# Import Libraries and Setup Parameters and Settings
## Import the pandas package

In [1]:
import pandas as pd

## Adjust Settings for optimized viewing

In [2]:
pd.set_option('display.max_columns', 300)
pd.set_option('display.max_rows', 200)
pd.set_option('display.width', 1000)

# Import Data from CSV File
We are working with a csv file called 'orders_complete'. This file contains a concatenation of each order by items sold. As a result, this imported dataframe will have many null values as not each row represents a unique order but a specific item from a unique.
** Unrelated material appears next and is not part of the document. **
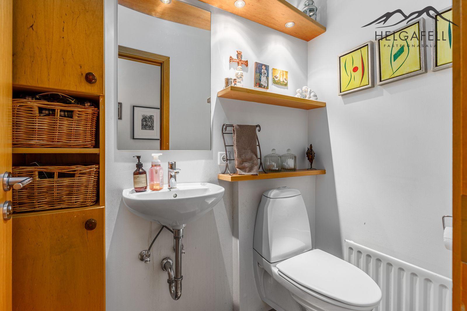 Gestasalerni: Á hægri hönd úr anddyrinu er gestasalerni með handlaug og innréttingu.

Furthermore, only some customer and location information is provided, often when the orders were done online.

In [3]:
df_raw = pd.read_csv('Jupyter Notebook Projects/Shopify/orders_complete.csv')

# Data Clean Up
Before we do any calculation or analysis, we much first clean our data. We will use the original dataframe initially as our location for all changes. Once we have enough to work with, we will select particular columns from this dataframe and call it our working dataframe: df_core. This method is useful as a project continue, you can simply revisit the cleaning portion of the code to adjust whatever is needed, and just add this to the working dataframe.

## 1. ID Name for Orders
This data can be thought of as a concatenation of every order's line items. For example, if customer 1 orders a shirt and a CD, while customer 2 orders a shirt, then we will see 3 rows: Each row corresponding to each line item. Each order has a unique Order ID, initially in column called 'Name', and has the format '#1234'. Let's change the name of the column and remove the '#' from all the values:

###  - rename 'Name' to 'OrderID'

In [4]:
df_raw = df_raw.rename(columns={'Name':'OrderID'})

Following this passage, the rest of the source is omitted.